Introduction

Traumatic hand injury is common, and it requires nerve reconstruction in about 6.1–10% of patients. The common and proper digital nerves are most frequently affected [1, 2].

Restoring normal sensibility is important for the recovery of hand function. Digital nerves commonly need to be surgically reconstructed, and intensive rehabilitation usually follows [1]. End-to-end coaptation and nerve grafting are the preferred methods of repairing severed nerves [1]. This method is recommended when the wound is clean, and both nerve ends are clearly visible and easily mobilized [3]. Where gaps exist, direct end-to-end coaptation cannot be used, and autografts or artificial nerve conduits are required for reconstruction. Nerve autografting is the gold standard for treating this type of injury, often with the sural nerve used as the graft when multiple nerves require repair [1, 3]. The implanted donor nerve, however, degenerates and cannot directly replace the severed nerve part [4]. Instead, it creates a supportive structure for the growing axons of the injured nerve, providing a growth-permitting scaffold, including Schwann cell basal laminae, neurotrophic factors, and adhesion molecules [4]. It is, therefore, unsurprising that sensory recovery following nerve repair is generally prolonged. A review of 14 studies of digital nerve repair showed that longer follow-up after trauma was a predictor of better functional recovery [3]. Excellent sensory recovery was only seen at follow-ups longer than 6 months [3].

In the current study, we reviewed medical records of patients who had undergone secondary digital nerve reconstruction.
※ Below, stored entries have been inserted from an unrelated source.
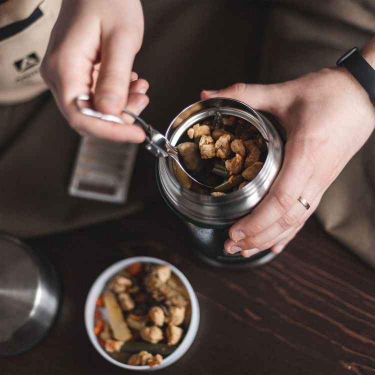 - Готовый комплект для похода на природу: термос для еды с широким горлом и ударопрочным покрытием и легкая складная ложка в термочехле.Емкость 500 мл.Конструкция с двойными стенками и вакуумной изоляцией сохраняет температуру до 12 часовМолотковая эмаль защитит термос от сколов и царапин Широкое горло Вместительная крышка-тарелкаТермочехол и складная ложка в комплектеНе содержит бисфенол А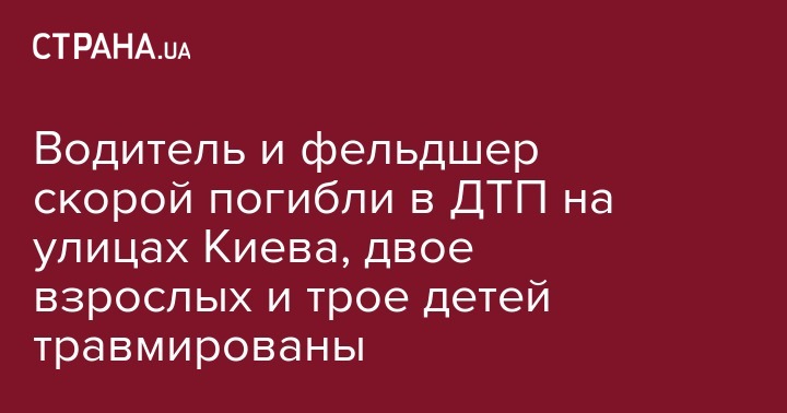 В результате дорожно-транспортного происшествия, с участием кареты скорой помощи, в воскресенье вечером в Киеве погиб водитель скорой и фельдшер, а также пострадали пять человек, из них трое детей, сообщает dtp.kiev.ua.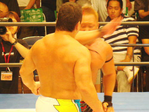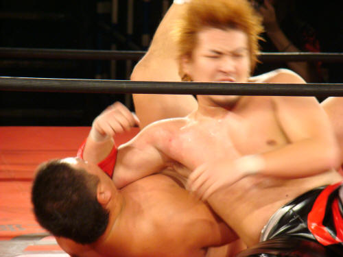 菅原には凄くやさしめのチョップでした。高山にもまだトップギアで入れてなかったし…。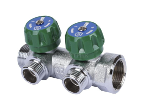 SMB-6849-341202 STOUT Коллектор регулирующий 3/4", 2 отвода 1/2" плоское уплотнение от STOUT - Коллекторы для систем водоснабжения - купить в магазине Электрик.

Our aim was to assess very long-term sensory outcomes of nerve autografting and to investigate selected patient and injury characteristics that may affect these outcomes.

Methods

Patients

In this retrospective study, we sent invitation letters for a follow-up visit to all patients who had undergone secondary reconstruction of digital nerves with sural nerve autografting in our Department between 1994 and 2002. Primary nerve repair was not possible in these patients because of gap formation at the nerve injury site (mainly crash injury type) or unavailability of nerve grafting at the primary hospital. In all selected patients, contralateral sural nerves were used for reconstructions. Surgery was performed under regional anesthesia in a bloodless field (pneumatic cuff tourniquet) using surgical microscope (Leica, Austria). All injured nerves were dissected, both stumps were refreshed and epineural tensionless coaptation with 10-0 Prolene suture (Ethicon, USA) was performed (Fig. 1). After surgery, the hand was immobilized for 6 weeks in a dorsal blocking splint with a hand in a neutral position regardless of the site of injury. After immobilization patients received 3 months of physiotherapy. All surgeries were performed at the Plastic Surgery Department in Warsaw by surgeons with at least 3 years of training in digital nerve repair. Our hospital was, at the time of the study, a tertiary referral hospital providing services in the Mazovian district with a population of 5,356,838. As a referral hospital, we also admitted severe hand injury cases or cases after primary treatment from other districts in Poland [2]. Secondary digital nerve reconstruction with sural nerve was performed on an average of 10–15 patients per year. In cases primarily treated in our department stabilization of bone fractures, flexor/extensor tendons repair or soft tissue coverage reconstruction was performed first. Injured digital nerves were reconstructed after 1–3 months depending on the complexity of the case.

Fig. 1
figure 1

Common digital nerve reconstruction with sural nerve. A A gap between proximal and distal III, III, IV common digital nerve stumps (*) after refreshing, B nerve reconstruction with sural nerve autograft (**)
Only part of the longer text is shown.